Women cooking over a fire pit
© Alissa Evertt

Unlike traditional bonds — debt securities in which investors get their money back, along with interest payments during the bond’s lifetime — SIBs offer a pre-determined payment with interest only if a programme’s goals are met. In developing countries, deals are called impact bonds or development impact bonds, but the general principle is the same.

SIBs and DIBs are not tradable assets. Nor are they “social bonds”, which are the same as traditional bonds except that the proceeds must be used to finance projects addressing social issues. Therefore, they are also, and perhaps more accurately, known as “pay-for-success contracts”.

Deals vary globally, but most make payments to investors in stages “to make sure the risks are being managed”, says Avnish Gungadurdoss, co-founder of Instiglio, a consultancy that helped develop the Village Enterprise deal.

But the Village Enterprise deal itself paid investors only once poverty reduction goals had been met. “You had to wait three years to figure out if the outcomes had been achieved,” explains Gungadurdoss.

Avnish Gungadurdoss
Avnish Gungadurdoss, co-founder of Instiglio

SIBs and DIBs can therefore be attractive ways of funding social interventions, particularly for the public sector, as they shift risk from taxpayers to private investors. But scaling up is not easy. They are complex to structure and they require an “outcomes funder” (usually a government or international donor) that is prepared to pay investors when an initiative’s goals are met.

Because payment triggers are tied to the impact of specific social interventions, deals are hard to replicate. In addition, with repayment dependent on clearly defined results, they call for rigorous measurement, which is often beyond the capacity of non-profit organisations.

Given their risks and relatively modest returns, SIBs and DIBs tend to attract investors such as foundations and high-net-worth philanthropists, as well as donor-advised funds (intermediaries that make grants to non-profits designated by their donors).

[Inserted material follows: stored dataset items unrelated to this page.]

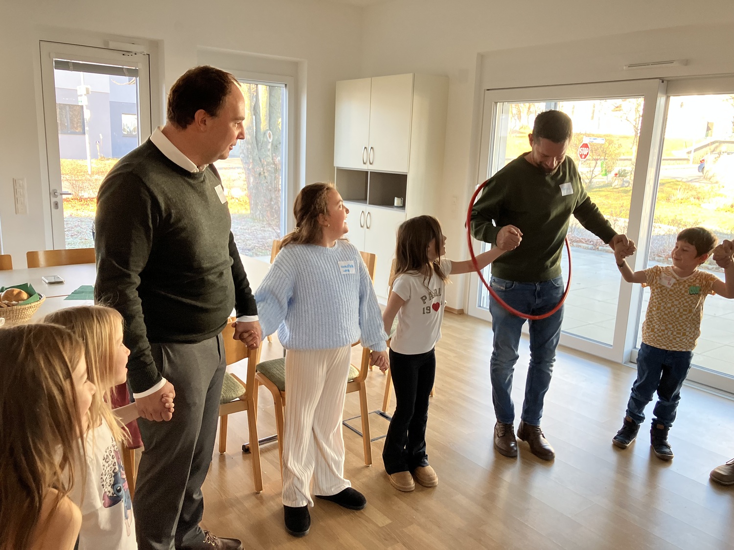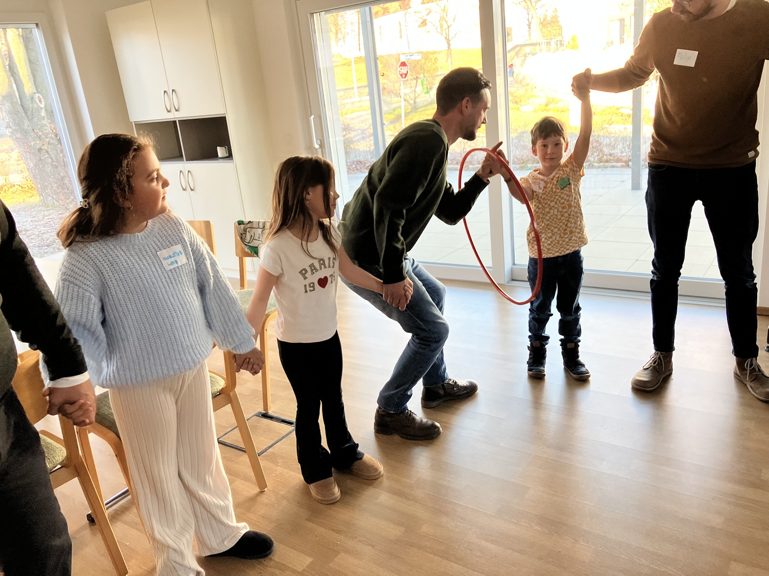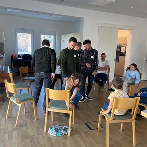 So wurden in verschiedenen Kreisspielen Themen wie gemeinsame Interessen, Hobbys aber auch Teamwork in den Vordergrund gestellt. Eine besondere Herausforderung war der “Eier-Flyer”, bei dem es das Ziel war mit Hilfe von Papier, Schere, Klebeband und Strohhalmen ein rohes Ei so zu präparieren, dass es bei einem Sturz aus ca. 3 Metern Höhe nicht kaputt ging.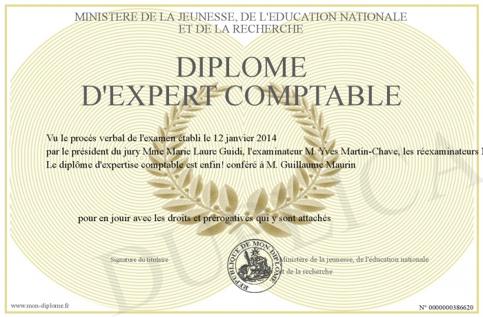 Envoyez par email votre Diplôme d'Expert Comptable personalisé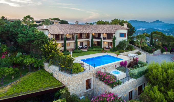 The plot covers a generous 1,325 square metres and the building is spread over three floors; ground level features a garden with a raised swimming pool while a decked rooftop terrace provides panoramic vistas over the picturesque surrounding hilltops and Cala Llamp bay. The villa’s location and bearing also makes for enjoying some wonderful sunsets. The property also comprises a total of five bedrooms, gym/sauna, office space, and enough parking for six vehicles (four inside and two out), plus house guests can have use of a separate apartment.

“It’s mostly philanthropic organisations getting into these models,” says Gungadurdoss. “They’re seeing this as a way of providing the capital but with an expectation of getting it back if the project is successful. So it’s a more sustainable way of leveraging capital than through just donations.”

Tracy Palandjian sees a similar trend. “All our investors are philanthropically motivated,” says Palandjian, who is chief executive and co-founder of Boston-based non-profit Social Finance, sister organisation to the UK’s Social Finance, which designed the Peterborough SIB.

Tracy Palandjian
Tracy Palandjian, chief executive and co-founder of Social Finance

In the US, Palandjian sees potential in “career impact bonds”, which finance upfront costs for low-income students taking the training needed to secure well-paid jobs in sectors such as healthcare, tech and clean energy. Students only repay if they secure a job with a salary above a pre-determined level.

To advance this approach, in 2019, Social Finance launched the Up Fund: an investment fund backed by large US foundations, which supports up to 12 career impact bonds.

“That’s where things are really taking off,” says Palandjian. “It’s getting people the skills to get jobs that pay better. And measurement of their sustained wage increases is a good metric.”

It is this measurability that appeals to Liesel Pritzker Simmons who, via her US-based Blue Haven Initiative — an impact-focused family office that she runs with her husband — is an investor in Social Finance’s Up Fund.

“What I like is the attention to the outcomes and, as an investor, I’m only getting paid if these are achieved,” she says. “I’m very happy to take that front-end risk.”

And, while SIBs may not achieve scale, the deals do attract philanthropists for whom writing a charitable cheque without knowing what it achieves is no longer acceptable.

“We know there are pools of money that could be deployed for evidence-based outcomes,” says Pritzker Simmons. “I don’t benchmark a pay-for-success note to a bond, like a municipal bond. I benchmark it to a grant — and, in that sense, financially these are smashing successes.”